Exercise aim —
Write the listing out again word for word, leaving each picture behind.

Data extract —
*** Begin section ***

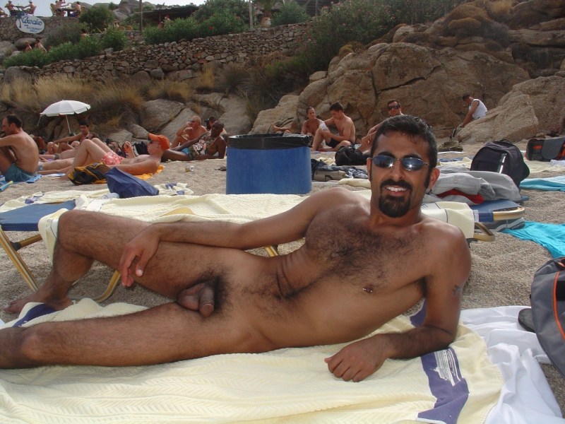A lot of naked men on the beach
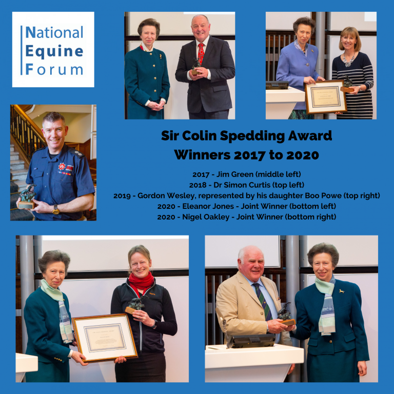 Previous winners of the Sir Colin Spedding Award include tireless Suffolk Punch champion Nigel Oakley (2020 joint winner); welfare-driven equestrian journalist Eleanor Jones (2020 joint winner); equine sector stalwart Gordon Wesley (2019); exceptional farrier Dr Simon Curtis (2018); fire and rescue pioneer Jim Green (2017); riding school and equestrian education champion Sue Martin, of Trent Park Equestrian Centre in London, (2016); Thoroughbred racing and breeding advocate Paul Greeves, formerly of Weatherbys, (2015); equine infectious disease expert Dr Andrew Waller on behalf of The Animal Health Trust (AHT) Infectious Disease Group (2014); and actor Martin Clunes in recognition of the collective work of the UK Equine Welfare charities during the winter of 2012 (2013).
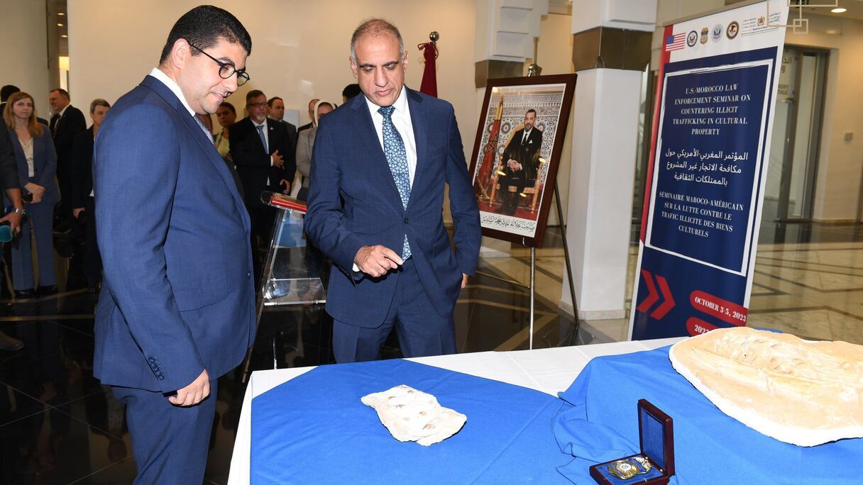 Dans une allocution de circonstance, Mehdi Bensaïd a rappelé la restitution par les États-Unis, il y a plus d’un an, d’un crâne fossile de crocodile, notant que cette nouvelle restitution s’inscrit dans le cadre du Mémorandum d’entente signé entre le Maroc et les États-Unis en janvier 2020, afin de lutter contre le trafic illicite des biens culturels.
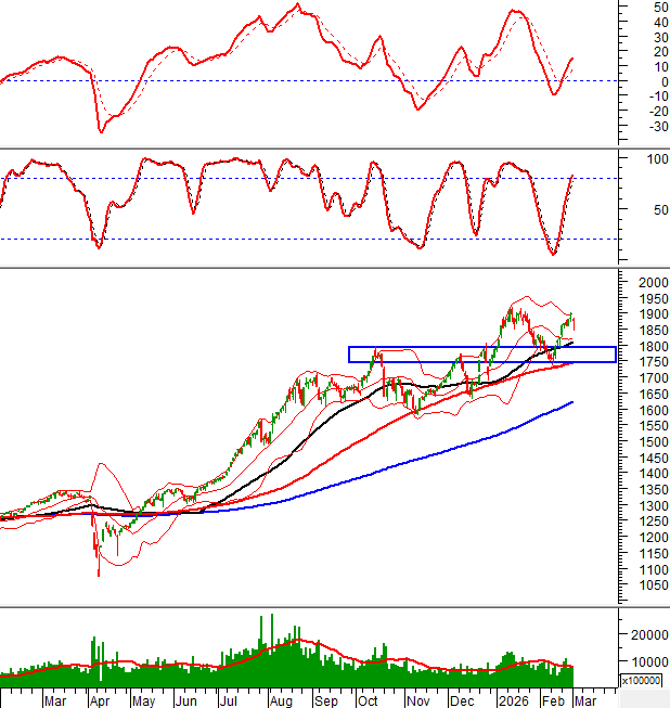 VN-Index tiếp tục rung lắc mạnh khi test lại đỉnh cũ tháng 01/2026 (tương đương vùng 1,880-1,918 điểm). HNX-Index giảm và nhận được sự hỗ trợ từ đường Middle của Bollinger Bands.

*** End section ***

Written answer —
A lot of naked men on the beach
 Previous winners of the Sir Colin Spedding Award include tireless Suffolk Punch champion Nigel Oakley (2020 joint winner); welfare-driven equestrian journalist Eleanor Jones (2020 joint winner); equine sector stalwart Gordon Wesley (2019); exceptional farrier Dr Simon Curtis (2018); fire and rescue pioneer Jim Green (2017); riding school and equestrian education champion Sue Martin, of Trent Park Equestrian Centre in London, (2016); Thoroughbred racing and breeding advocate Paul Greeves, formerly of Weatherbys, (2015); equine infectious disease expert Dr Andrew Waller on behalf of The Animal Health Trust (AHT) Infectious Disease Group (2014); and actor Martin Clunes in recognition of the collective work of the UK Equine Welfare charities during the winter of 2012 (2013).
 Dans une allocution de circonstance, Mehdi Bensaïd a rappelé la restitution par les États-Unis, il y a plus d’un an, d’un crâne fossile de crocodile, notant que cette nouvelle restitution s’inscrit dans le cadre du Mémorandum d’entente signé entre le Maroc et les États-Unis en janvier 2020, afin de lutter contre le trafic illicite des biens culturels.
 VN-Index tiếp tục rung lắc mạnh khi test lại đỉnh cũ tháng 01/2026 (tương đương vùng 1,880-1,918 điểm). HNX-Index giảm và nhận được sự hỗ trợ từ đường Middle của Bollinger Bands.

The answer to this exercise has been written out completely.